Several Problems South Korean Students Face Learning English
This essay examines English education in South Korea and its socio-cultural problems. The discussion draws on my personal beliefs and experiences. First, the history of Korean education is laid out by illustrating the cultural background of Korean society. Following that, it traces the problems of learners of the English language in Korea and tips on how to improve their learning.
This post was written by our TEFL certification graduate Nayoung H. Please note that this blog post might not necessarily represent the beliefs or opinions of ITTT.
For a long time, Korea has been a country that’s been highly education-obsessed. Entry to a top university has led to prestigious, well-paying, and secure jobs; it has even led to fame. Therefore, the country has been heavily invested in education and having a university degree has become very important. Some students don’t even wish to go to a university but still go in order to have better societal status on the promise that tuition is paid by their parents (Education is so important that a lot of Korean parents are eager to support their children’s’ education). As a result, this has led to a key problem of English learners in Korean society in that they have been largely focused on the written college entrance exam, they neglect skills associated with speaking.

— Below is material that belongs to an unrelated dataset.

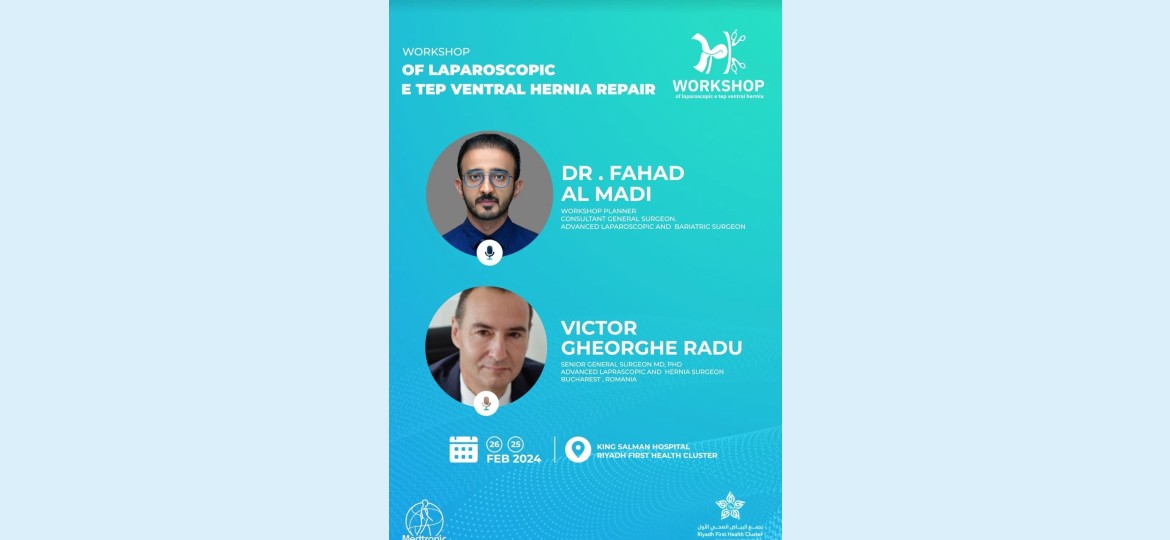 والذي ينظّمه مستشفى الملك سلمان عضو تجمع الرياض الصحي الأول ويستمر لمدة يومين ، حيث يستضيف المؤتمر الجراح العالمي الدكتور رادو فيكتور للاستفادة من خبراته في مجال التطورات الحديثة في جراحة المناظير وهو يعمل على عمليات الروبوت الآلي في جراحة المناظير بإصلاح الفتوق الجراحية بين جدار عضلات البطن وتعتبر جديدة على مستوى المملكة وليست بالطريقة التقليدية التي يتم فيها إصلاح الفتق عن طريق الفتح او من خلال تجويف البطني .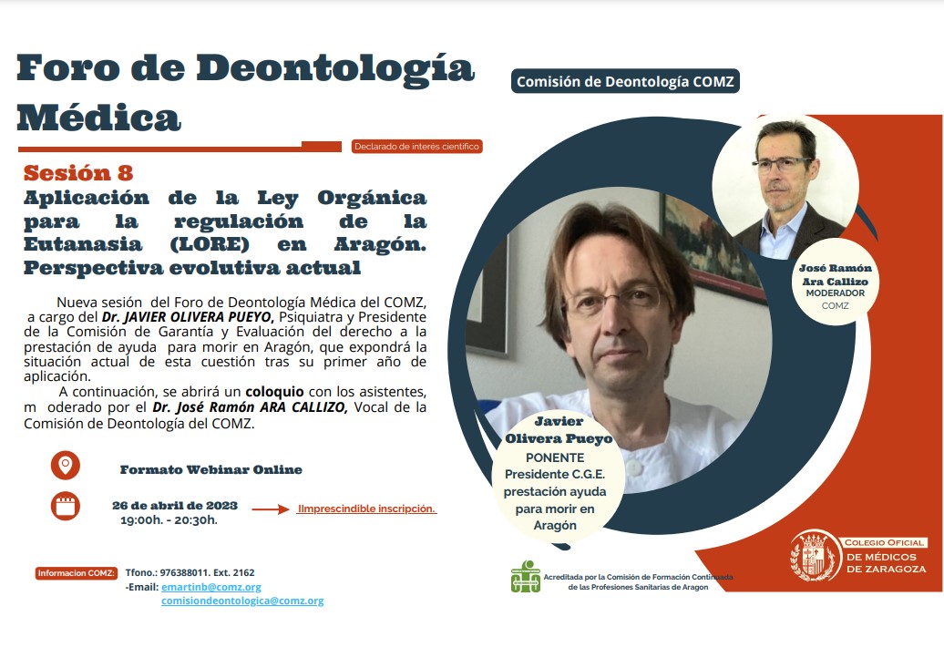 La sexta sesión del Foro de Deontología del Colegio de Médicos de Zaragoza analizará la ética, la deontología y la Medicina Personalizada. Será el próximo 29 de marzo a las 20:00h en formato webinar y para asistir será necesario reservar plaza previamente.

The Korean government has actively promoted English proficiency since the late 1990s as a vital tool for the competitiveness of the people and the country. English education has somewhat evolved over the past 20 years. As an example, from 1997, English has been taught in the 3rd grade, which used to be taught in middle school (7th grade). In this time, many private English language academies emerged trying to differentiate themselves. Sometimes English was taught at preschools before kids could fully develop their mother tongue.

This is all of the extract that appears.